MWC 2019: LG DualScreen - first look at LG's alternative to foldable phones
At MWC 2019 we saw LG DualScreen, designed as a companion to the LG V50 unusually not the LG G8 this is essentially a fat ol case that the phone clips into Well, this is something really new
At MWC 2019 we saw LG DualScreen, designed as a companion to the LG V50 unusually not the LG G8 this is essentially a fat ol' case that the phone clips into. Well, this is something really new.
You'll get access to another display that can communicate with the phone, giving you alike of a secondary monitor for your handset that's tethered onto the side.
We're not sure when the LG DualScreen will be launched in the market or the cost, but it can't be that far – we expect it to launch before the summer this year, and we are somehow sure it will be costly.
The LG DualScreen draws power and data from the pogo pins at the rear of the device, though the information is sent wirelessly.

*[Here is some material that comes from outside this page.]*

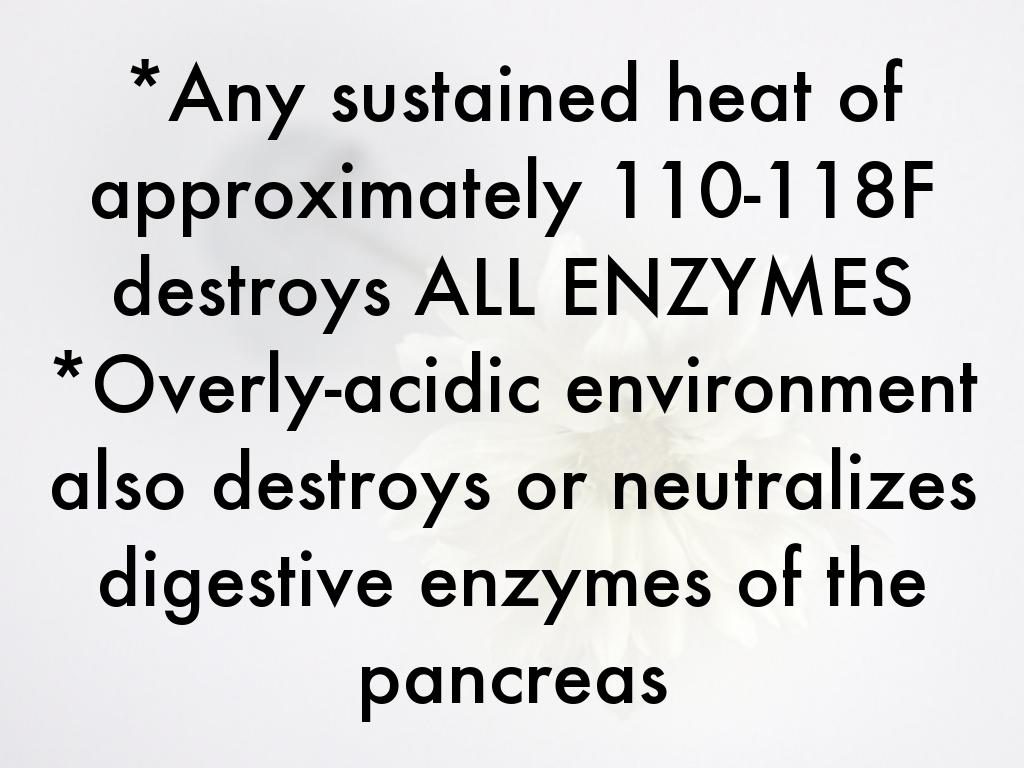 *Any sustained heat of approximately 110-118F destroys ALL ENZYMES

It clips fairly nicely alongside the LG V50, but it adds rather a large amount of weight to your unit.
It's not Wi-Fi, relatively a specific short-throw signal that allows for low latency connection - important if you're (spoiler alert) using the DualScreen as a gamepad.
The DualScreen doesn't look very impressive; it's a quite chunky device that's lighter than the phone, which makes the balance. We're not saying it was heavier, but we assume that it's a little bit unbalanced compared to other 'real' foldable phones.
The bezels around the 6.2-inch OLED screen which is only Full HD (rather than the QHD option on the V50) are rather stocky and look a little cheap when compared to the phone, and their presence means that you can't have any apps that spread over the two screens. LG thinks that this is fine, as very few apps are capable of working in these large-screen modes. Similar to the likes of Samsung and Huawei are throwing out with their foldable devices.
there's nothing new at the rear of the phone it is shiny and it's easy to get smudged with fingerprints - holding the device with both screens shut feels like you're holding a solid phone indeed. The hinge of the screen is foldable the whole way around, so you can support the V50 with the DualScreen on and watch a movie, or use the rear screen as a viewfinder for the camera.
Use your phone in a new way
So how do you think the LG DualScreen might perform? Does it make easier or more immersive or is it just a total gimmick?
Well, it's somewhere in the centre. After watching the device demonstration, with the LG reps skillfully navigating through a different camera, gaming modes made everything look quite smooth. You're instantly lost if pick it up with no instruction though.
Initially, there's a small power button that is seen on the side of the screen that you'll need to tap to activate the other display. This menu allows you to switch the screen that's in play, or show what's on one display on the other.
This is a tricky experience as it's too small, and flipping the displays around didn't feel hugely spontaneous. While browsing the web we tried to watch a video, and it worked quite well. On one side it easily streamed a YouTube video or Netflix show and then on the other browse for information, but all that did was increase guilt that we're not focusing enough on what's important in life, adding in another distraction.
The most appealing was the gaming mode with the DualScreen functioning as the place to see the gameplay and the bottom for gamepad controls, with four to choose from. This was the coolest part, but despite LG saying it worked just like a Bluetooth controller, it wasn't easy to set up for a few games.
LG DualScreen camera was at its most impressive, with the phone showing the live image on the screen and then the options available if you used the other sensors and how that would change your photo.
Though the screen quality of the DualScreen was just fine and at no point did we feel it was too low-res. We wished it to be the same 6.4-inch size as the phone though, just to make things more aesthetically pleasing.